Beberapa bulan yang lalu saya tegang secara finansial dan putus asa, saya telah ditipu oleh beberapa pemberi pinjaman online, saya hampir kehilangan harapan sampai Tuhan menggunakan teman saya yang merujuk saya ke pemberi pinjaman yang sangat andal bernama Ms. Cynthia, yang meminjamkan saya pinjaman tanpa jaminan sebesar Rp800,000,000 (800 juta) dalam waktu kurang dari 24 jam tanpa konstan pembayaran atau tekanan dan tingkat bunga hanya 2%.
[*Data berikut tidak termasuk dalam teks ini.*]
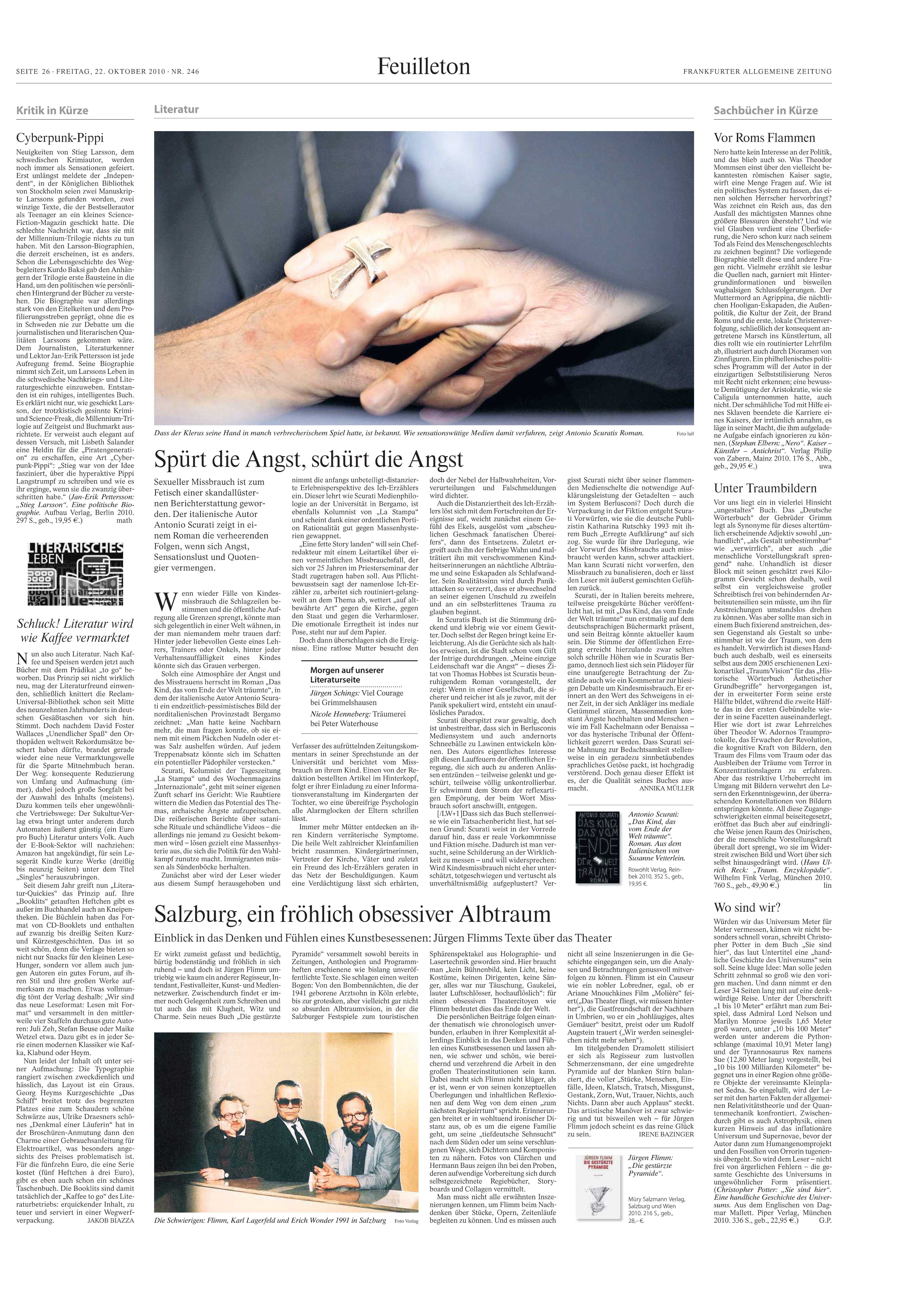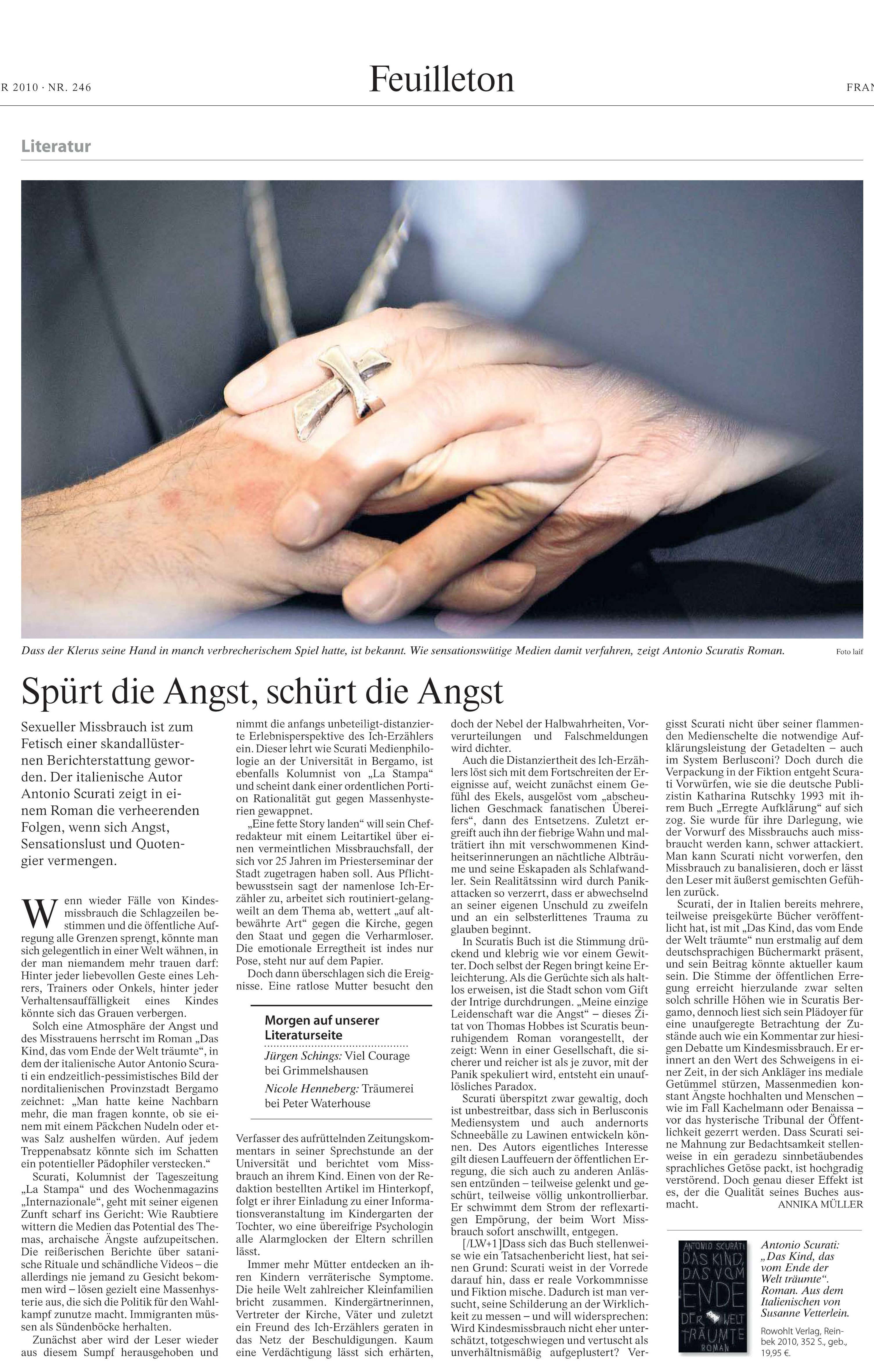 Literaturkritik Antonio Scurati: Das Kind, das vom Ende der Welt träumt, erschienen im FAZ Feuilleton am 22.10.2010 Artikel als PDF-Download:FAZ Antonio Scurati 22.10.2010

Saya sangat terkejut ketika saya memeriksa saldo rekening bank saya dan menemukan bahwa jumlah yang saya terapkan dikirim langsung ke rekening bank saya tanpa penundaan.
Karena saya berjanji bahwa saya akan membagikan kabar baik jika dia membantu saya dengan pinjaman, sehingga orang bisa mendapatkan pinjaman dengan mudah tanpa stres atau penipuan
Jadi, jika Anda memerlukan pinjaman apa pun, silakan hubungi dia melalui email nyata: cynthiajohnsonloancompany@gmail.com dan atas karunia Allah, ia tidak akan pernah mengecewakan Anda dalam mendapatkan pinjaman jika Anda mematuhi perintahnya.
Anda juga dapat menghubungi saya di email saya: ladymia383@gmail.com dan Sety yang memperkenalkan dan memberi tahu saya tentang Ibu Cynthia, ini emailnya: arissetymin@gmail.com
Yang akan saya lakukan adalah mencoba untuk memenuhi pembayaran cicilan pinjaman saya yang akan saya kirim langsung ke rekening perusahaan setiap bulan.
Sepatah kata cukup untuk orang bijak.